De NCTM -- een Amerikaanse vereniging van wiskundeleraren -- heeft een mooie applet dat de snelheid van de verspreiding van een virus in beeld brengt. De applet is in het Engels, maar het kan je in de klas helpen om met de leerlingen de verspreiding van een virus te bespreken. Kijk eens naar de NCTM Applet over het verspreiden van een virus. Je vindt daar niet alleen de applet, maar ook een uitleg hoe de applet werkt, een uitleg over de wiskunde en een serie activiteiten voor verschillende leeftijden.

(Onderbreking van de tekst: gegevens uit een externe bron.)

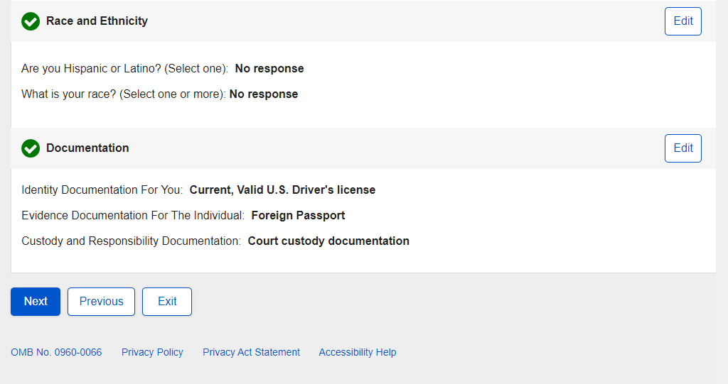 Non-U.S. Replacement Someone Else Child - Review and Edit - Continued

Zo'n applet zal niet altijd duidelijk zijn. Je voelt niet aan den lijve hoe de verspreiding precies werkt. Diverse spelletjes kunnen beter helpen om de betekenis van de R-waarde (dit geeft aan hoeveel mensen één geïnfecteerde persoon na enkele dagen gemiddeld heeft geïnfecteerd) te onderzoeken. Met zulke spelletjes kunnen leerlingen ook onderzoeken wat het effect van 'social distancing' precies is. Niet alleen de R-waarde is belangrijk. Nu is er ook nadruk op de K-waarde. Het Nemo legt uit wat de K-waarde precies is.
De spellen die hier beschreven worden helpen de leerlingen om te zien hoe we geleidelijk aan een beter model bouwen voor de verspreiding van een virus.
Haast ieder kind heeft wel eens tikkertje gespeeld. Eigenlijk is tikkertje een speciaal geval van virus verspreiding. Je geeft de beurt (het virus) door aan één andere persoon en jij bent er van af (genezen). In dit model is het wel zo dat je weer getikt kan worden (opnieuw besmet kan worden). Bij een echt virus hopen we dat de meeste mensen niet opnieuw worden besmet. Dit spel blijft maar door gaan. Je kan een variant introduceren: als je iemand hebt getikt, dan mag je even aan de kant zitten. Geleidelijk aan wordt de groep spelende kinderen (nog niet besmet) kleiner en kleiner. Bij deze variant op tikkertje kan je onder meer met de kinderen bespreken hoeveel ronden nodig zijn tot dat iedereen de beurt heeft gehad.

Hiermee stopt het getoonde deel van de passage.